*** Extracted records

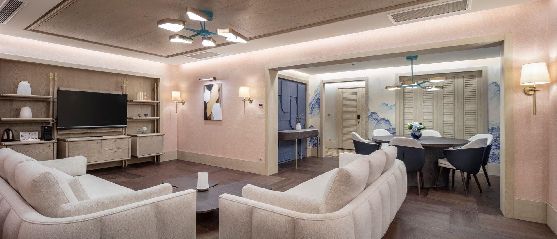 Номер: 76 м², в корпусах Lake House на 1 поверсі, номер складається з 2 окремих спалень, об'єднаних спільним коридором з дверима, двоспальне ліжко і 2 односпальні, прямий вихід в басейн, 2 ванні кімнати, тераса.
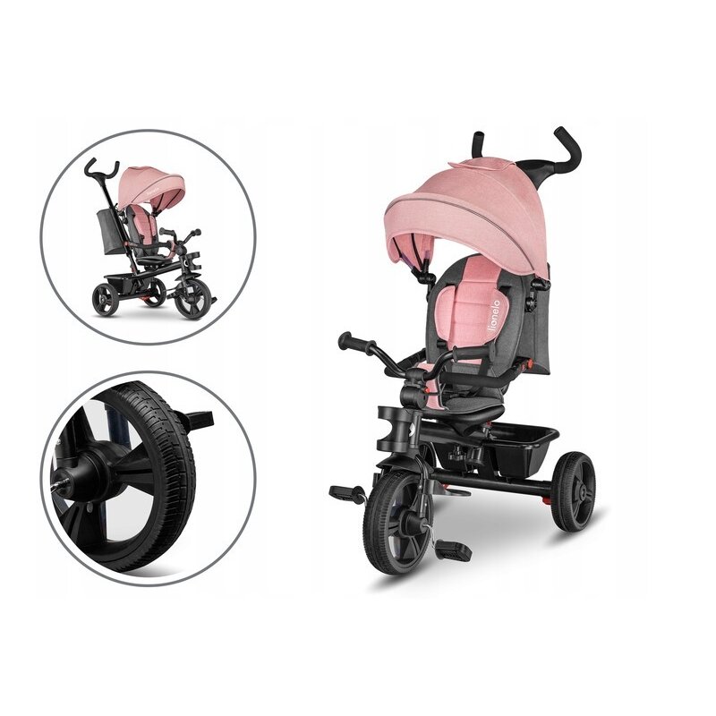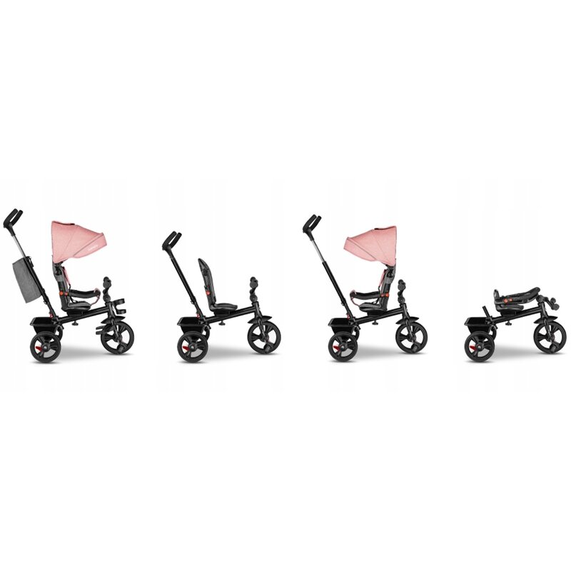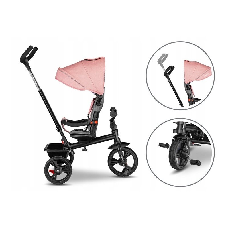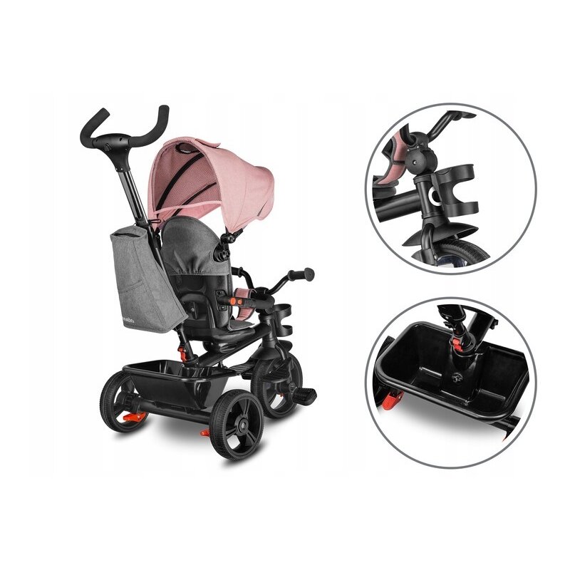 Tricicleta Haari se adapteaza cu usurinta la nevoile si varsta copilului, oferind o experienta placuta atat pentru cei mici, cat si pentru parinti. Scaunul rotativ permite orientarea copilului fie spre inainte, fie spre spate, oferind flexibilitate in utilizare. Initial, poate fi folosita ca un carucior confortabil, iar pe masura ce copilul creste si ajunge la pedale, se transforma intr-o tricicleta complet functionala, incurajand independenta.
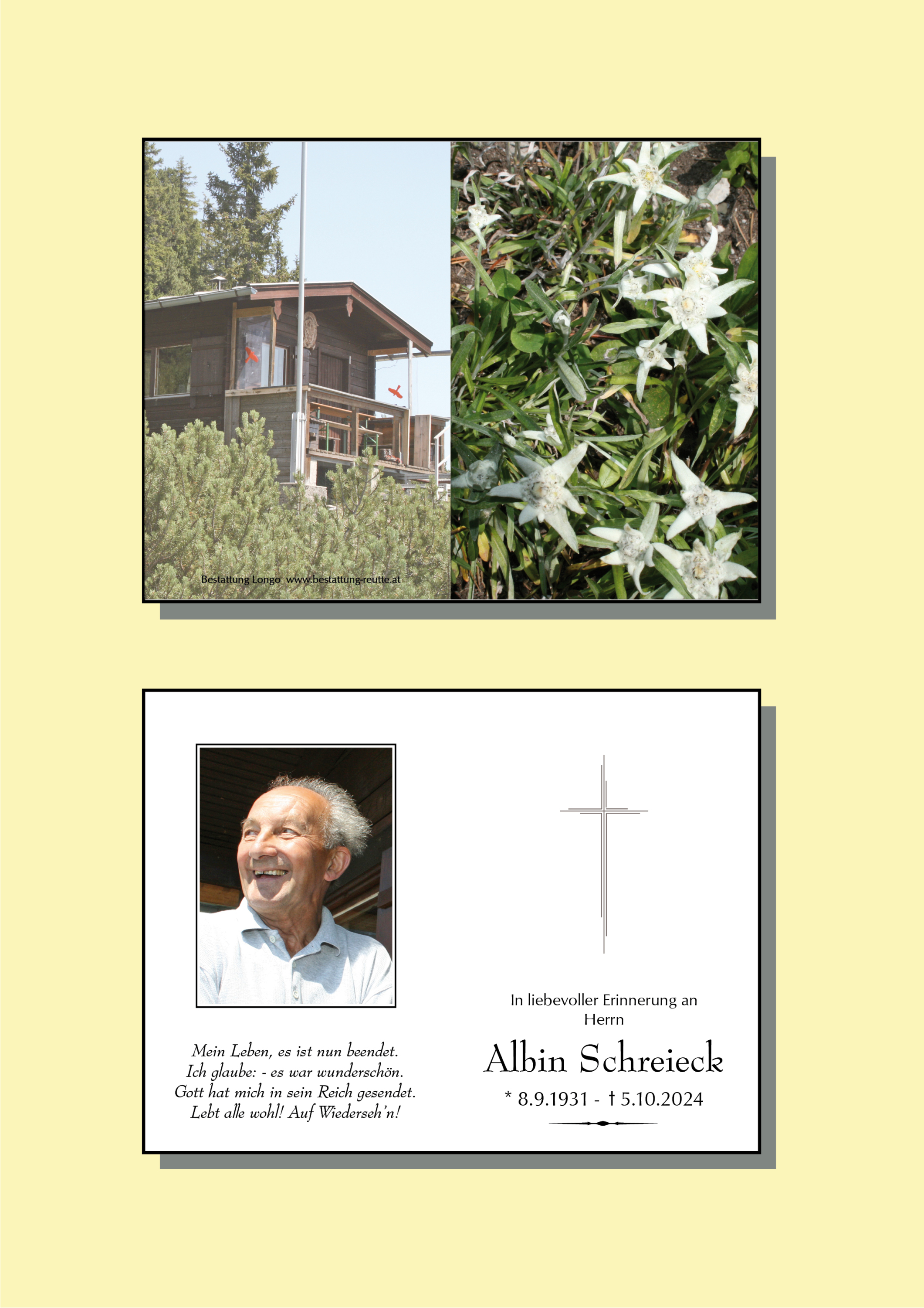 Kondolenzbuch für Albin Schreieck
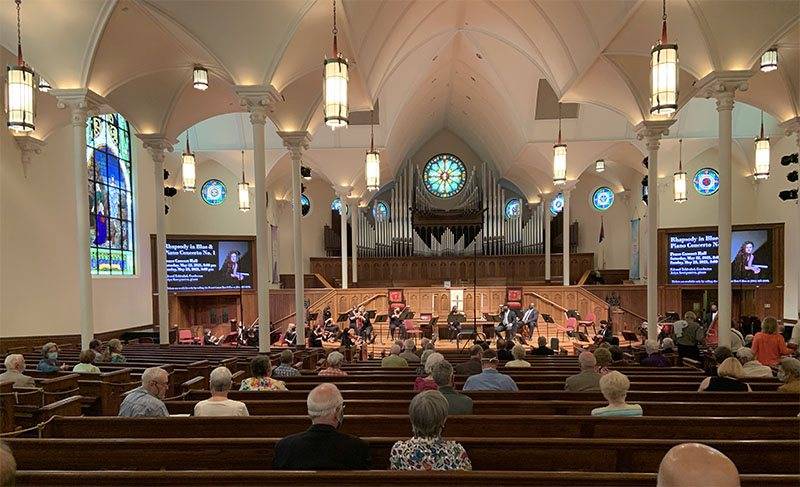 Part of the Greenville [South Carolina] Symphony Orchestra prepares for a concert last Sunday. This was our second excursion for a concert since the pandemic began last year; the first one was the previous Sunday.
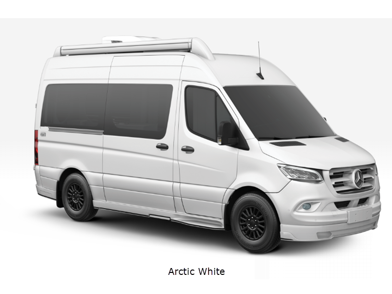 Sleeps 2 Length 24 ft 3 in Ext Width 7 ft 8 in Ext Height 10 ft Int Height 6 ft 3 in Interior Color Arctic White, Iridium Silver, Obsidian Black Exterior Color Terrain, Carbon Hitch Weight 5000 lbs GVWR 11030 lbs Fresh Water Capacity 33 gals Grey Water Capacity 24 gals Black Water Capacity 10 gals Tire Size LT215/85R 16 Fuel Type Diesel Engine Mercedes-Benz 2.0L 4 Cylinder Twin Scroll Turbo Chassis Mercedes Benz 3500 Sprinter Horsepower 208 hp Fuel Capacity 24.5 gals Wheelbase 170 in Torque 332 ft-lb Refrigerator Type 12V Refrigerator Size 3.1 cu ft Cooktop Burners 1 Number of Awnings 1 Water Heater Type Bypass AC BTU 15000 btu TV Info Cab 32" TV Awning Info Girard Side-mounted Powered Patio Gross Combined Weight 15250 lbs Shower Type Wet/Bath Shower Electrical Service 30 amp
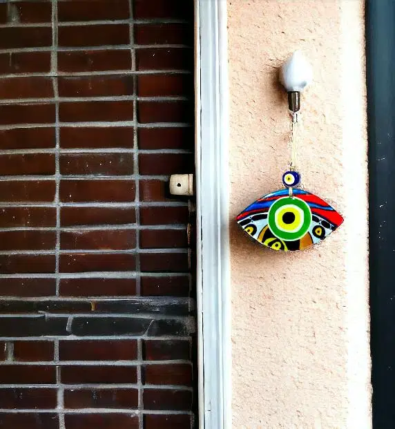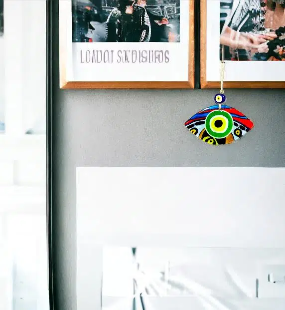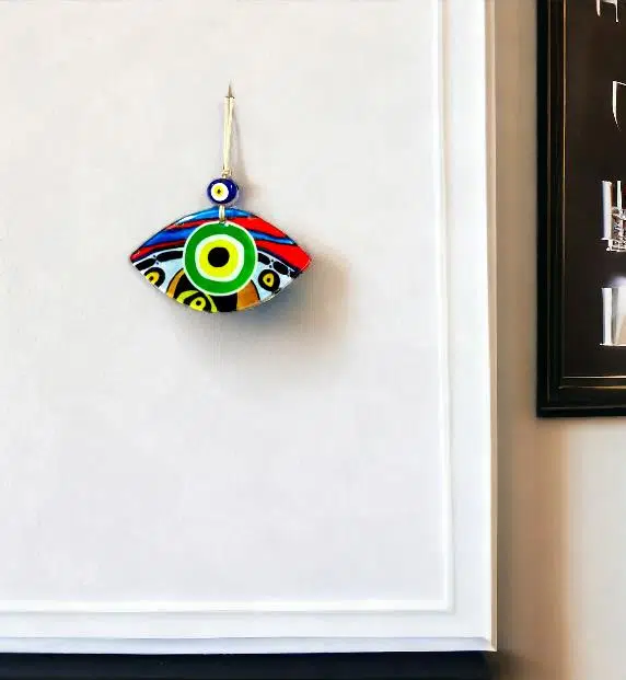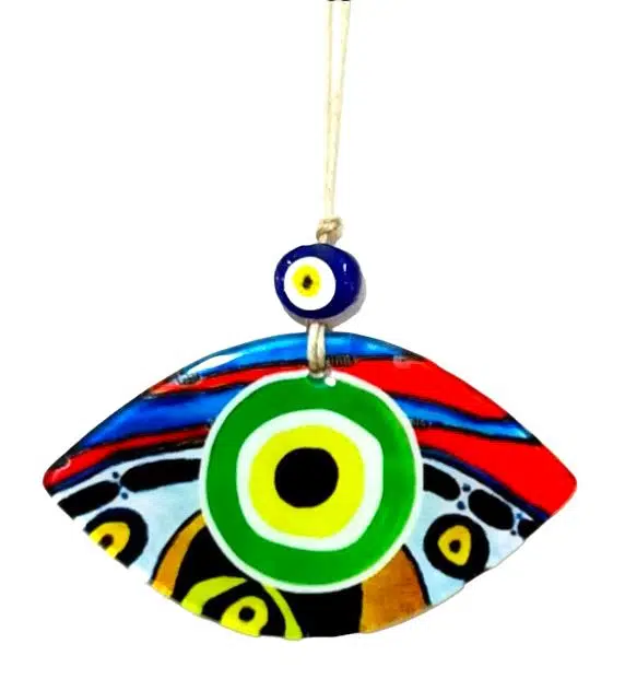 Yeşil göz modelli duvar süsümüz 15 cm eninde, 8 cm boyundadır. Füzyon cam malzeme kullanılarak üretilen duvar süsümüz ip dahil 23 cm boyundadır.
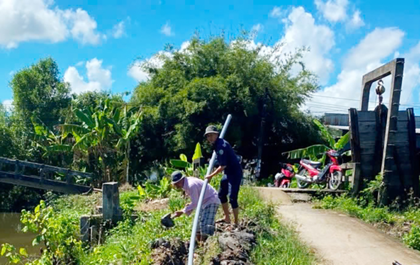 Công ty CP cấp nước Cà Mau lắp đường ống kéo nước về nông thôn.

******

* **What is required**: Write out the lines of the material above exactly, from its first line through the line that contains "Sleeps 2 Length", so that no picture appears in the copy.

* **Solved problem**:
 Номер: 76 м², в корпусах Lake House на 1 поверсі, номер складається з 2 окремих спалень, об'єднаних спільним коридором з дверима, двоспальне ліжко і 2 односпальні, прямий вихід в басейн, 2 ванні кімнати, тераса.
 Tricicleta Haari se adapteaza cu usurinta la nevoile si varsta copilului, oferind o experienta placuta atat pentru cei mici, cat si pentru parinti. Scaunul rotativ permite orientarea copilului fie spre inainte, fie spre spate, oferind flexibilitate in utilizare. Initial, poate fi folosita ca un carucior confortabil, iar pe masura ce copilul creste si ajunge la pedale, se transforma intr-o tricicleta complet functionala, incurajand independenta.
 Kondolenzbuch für Albin Schreieck
 Part of the Greenville [South Carolina] Symphony Orchestra prepares for a concert last Sunday. This was our second excursion for a concert since the pandemic began last year; the first one was the previous Sunday.
 Sleeps 2 Length 24 ft 3 in Ext Width 7 ft 8 in Ext Height 10 ft Int Height 6 ft 3 in Interior Color Arctic White, Iridium Silver, Obsidian Black Exterior Color Terrain, Carbon Hitch Weight 5000 lbs GVWR 11030 lbs Fresh Water Capacity 33 gals Grey Water Capacity 24 gals Black Water Capacity 10 gals Tire Size LT215/85R 16 Fuel Type Diesel Engine Mercedes-Benz 2.0L 4 Cylinder Twin Scroll Turbo Chassis Mercedes Benz 3500 Sprinter Horsepower 208 hp Fuel Capacity 24.5 gals Wheelbase 170 in Torque 332 ft-lb Refrigerator Type 12V Refrigerator Size 3.1 cu ft Cooktop Burners 1 Number of Awnings 1 Water Heater Type Bypass AC BTU 15000 btu TV Info Cab 32" TV Awning Info Girard Side-mounted Powered Patio Gross Combined Weight 15250 lbs Shower Type Wet/Bath Shower Electrical Service 30 amp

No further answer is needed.